En cambio, un buen compañero comprenderá que es normal que el otro se equivoque y prestará su colaboración para subsanar el error.

6. Saber escuchar

Saber escuchar es una labor activa en la que tenemos que dirigir la atención a lo que nos cuenta el otro. Esta información la tenemos que procesar, uniéndola a lo que ya conocemos. Equivale a estar atento al mundo del otro, tratando de comprenderlo en sus propios términos y valorando lo que dice en su justa medida. La buena escucha es una señal de apertura y fortalece la buena comunicación en general.

7. Acudir al diálogo

El diálogo es la vía para resolver cualquier conflicto que pueda presentarse. Es una habilidad que resulta muy constructiva cuando se trabaja en equipo.

No es bueno callar si algo nos molesta, pero tampoco es adecuado convertirlo en un problema de grandes proporciones. Expresarse serenamente y de forma directa, ante un inconveniente, es una característica de un buen compañero de trabajo.

8. Aprender de quienes saben más

A muchas personas les molesta comprobar que un compañero sabe más que ellos. Esto no es inteligente.

Lo razonable es abrir la mente para aprender de quienes saben más que nosotros. Escuchar lo que tienen para decir y aprovechar la fortuna de tener al lado a alguien que tiene mucho para ofrecer.

Compañeras de trabajo en la oficina

9. Cooperar, en lugar de competir

Cooperar es trabajar en equipo, en igualdad de condiciones. Aportar lo mejor que se posee para lograr un objetivo común. En suma, cumplir con la parte que a cada quien le corresponde y hacerlo de la mejor manera.

Competir, en cambio, es centrarse en los objetivos individuales, con el propósito de ponernos por encima de los demás. Dice un viejo proverbio que solos llegamos más rápido, pero en conjunto llegamos más lejos.

10. Reconocer los logros ajenos

Una persona insegura o con baja autoestima va a tener dificultades para reconocer los logros y los éxitos de un par. Un buen compañero de trabajo también es el que es capaz de valorar las conquistas de los otros y de darles el valor que les corresponde. Esto genera y mantiene un buen ambiente laboral.

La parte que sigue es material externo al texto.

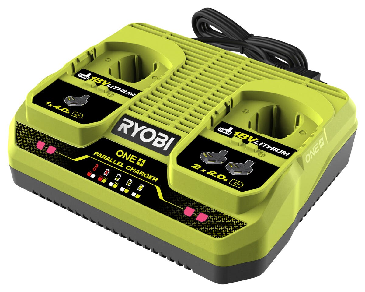 • Ryobi RC18240 lader med to porter, intelligent ladeteknologi og vedlikeholdslading.
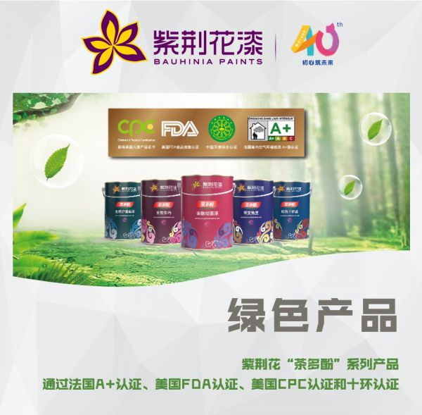 紫荆花茶多酚墙面漆系列,从天然茶叶中获取灵感,萃取天然茶多酚因子,将绿色基因融入生活,给家带来大自然般的纯净空气。茶多酚全系列产品在研发、采购和生产过程中,严格把关各项标准和细节,通过法国室内空气环境检测A+级认证、美国FDA食品接触认证、美国儿童产品证书和中国环境标志认证。
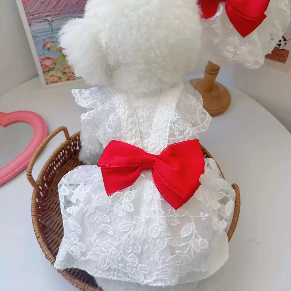 New Spring/Summer Pet Wedding Style Bow Lace Dress for Dogs & Cats
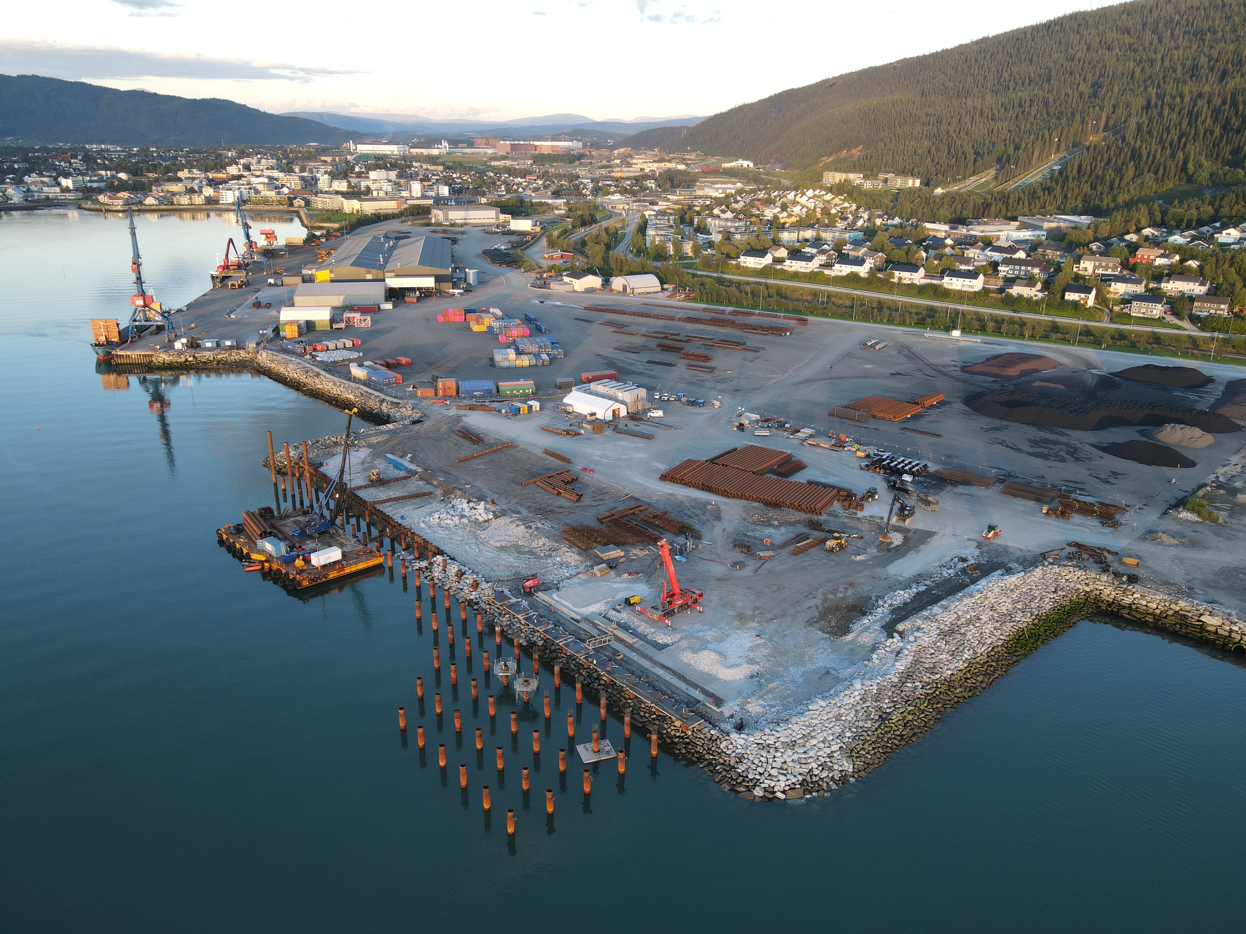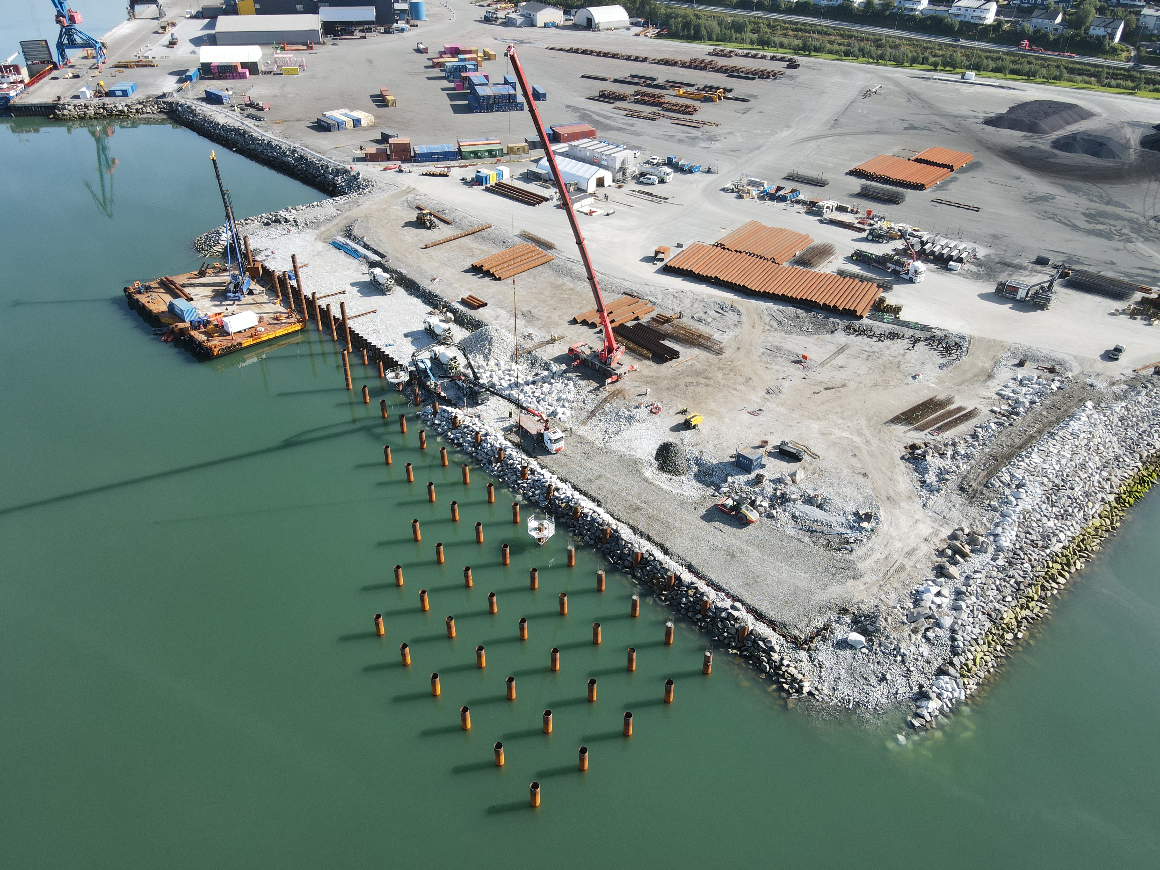 Etablering av ny dypvannskai på Langneset. Bilde fra juli, 2024.
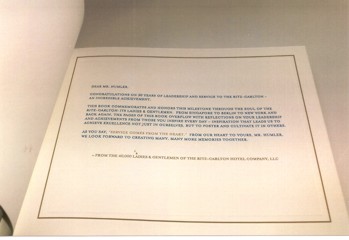 Hi Paul, I never did speak with you after yoiu completed the book for The Ritz-Carlton Founder. I want to let you know that it was a huge success. In fact, the book totally eclipsed a touching mulit-media presentation that the company's marketing department presented at the event. My client was very pleased and received the highest praise from everyone in attendance! You not only met an impossible schedule, yoiu also exceeded our high expectations. |
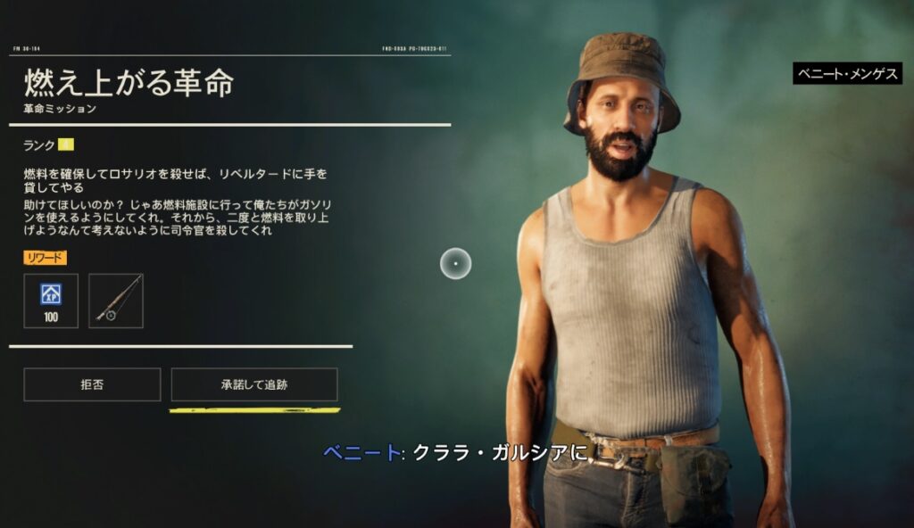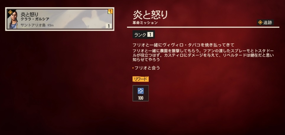 ベニートに話しかけると革命ミッション「燃え上がる革命」が開始されます。ここでのミッション内容は2つあり
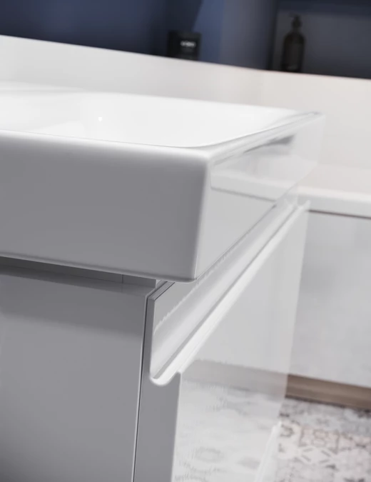 Proste, minimalistyczne meble z kolekcji MODUO doskonale sprawdzą się w każdej łazience. Dostępne w dwóch uniwersalnych wariantach kolorystycznych – błyszczącym białym oraz błyszczącym szarym, będą pasowały zarówno do wnętrz o nowoczesnym, nawet loftowym charakterze, jak i do klasycznych, eleganckich aranżacji. Ze stylem skandynawskim, z kolei, współgrać będą dostępne w kolekcji elementy w kolorze jasnego dębu. Dodadzą one pomieszczeniu nieco przytulności i pomogą zamienić naszą łazienkę w domowe SPA. Proste linie, frezowane uchwyty oraz gładkie powierzchnie szafek i blatów sprawiają, że wszystkie elementy kolekcji MODUO łatwo utrzymać w czystości, a dzięki zastosowaniu technologii Aquasafe na blatach oraz otwartych modułach w kolorze drewna, meble są bardziej odporne na wilgoć i pleśń. System soft-close zapewni nam komfort cichego zamykania mebli, tak istotny przy porannej toalecie, kiedy cześć z domowników jeszcze śpi. To wszystko sprawia, że z kolekcją MODUO zaprojektujemy modną i funkcjonalną łazienkę na lata.
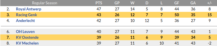 - Oostende were knocked out of the Belgian Cup and have won two of their last five matches.
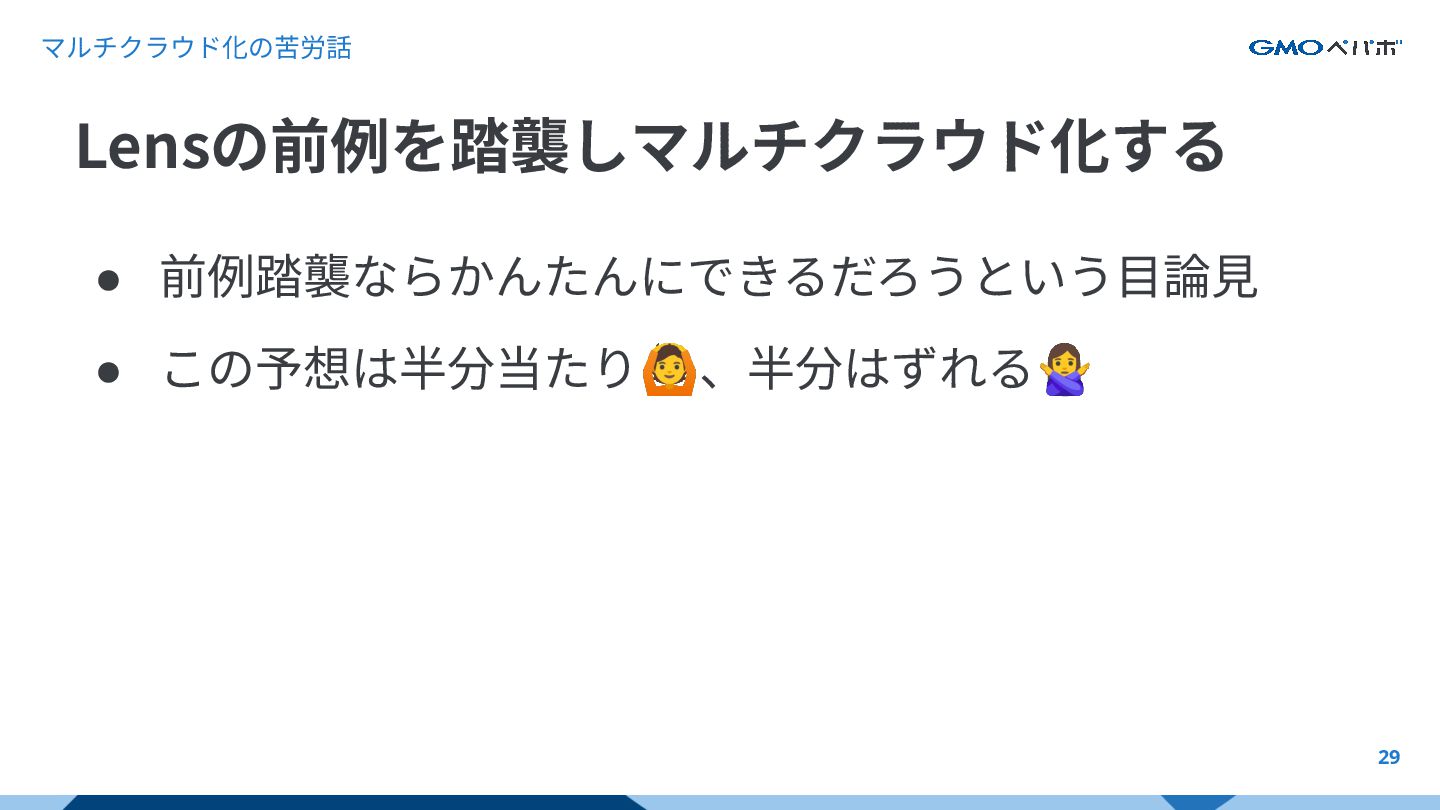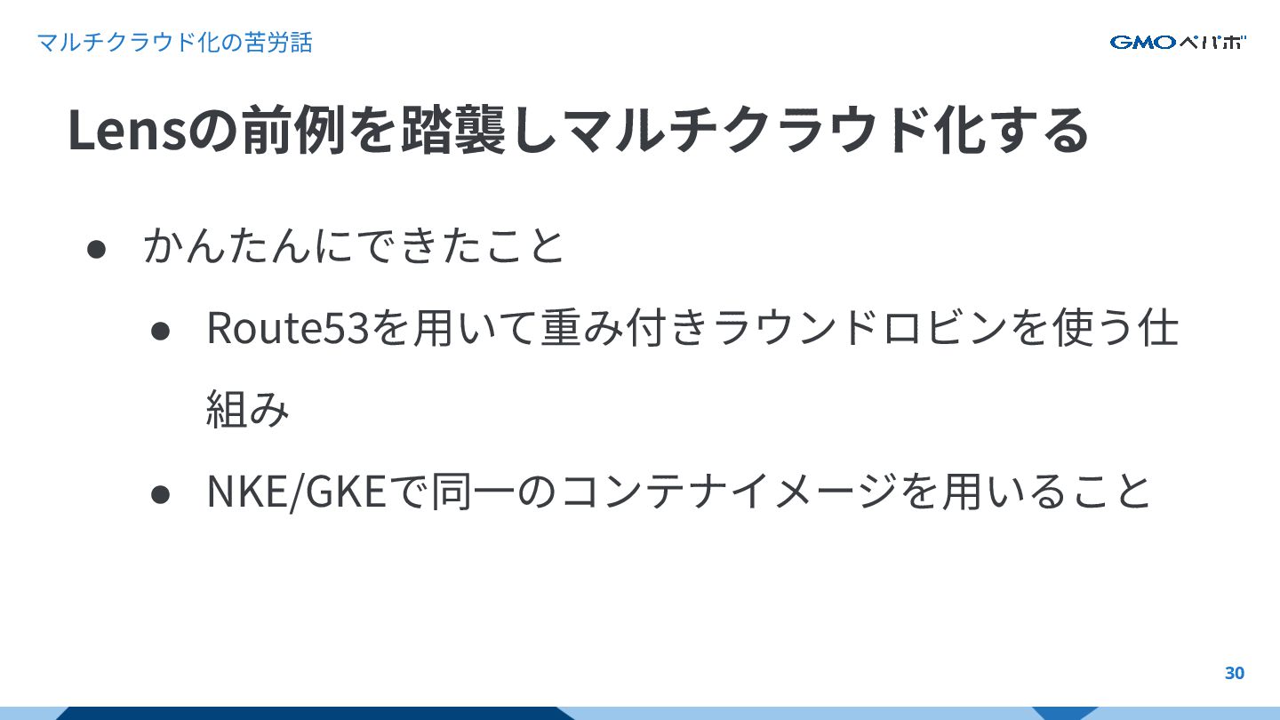 マルチクラウド化の苦労話 29 • 前例踏襲ならかんたんにできるだろうという⽬論⾒ • この予想は半分当たり🙆、半分はずれる Lensの前例を踏襲しマルチクラウド化する

El decálogo del buen compañero de trabajo no es un test para que evalúes a los demás. Más bien se trata de un inventario de patrones, que tal vez te interese tomar como referencia para convertirnos en compañeros apreciados.

  • Littlewood, H. F., & Rojas, L. E. A. (2017). Comportamiento Organizacional Ciudadano o Buen Compañero de Trabajo: Antecedente y Consecuencias. Revista de la Facultad de Contaduría y Ciencias Administrativas, 2(3), 1-17.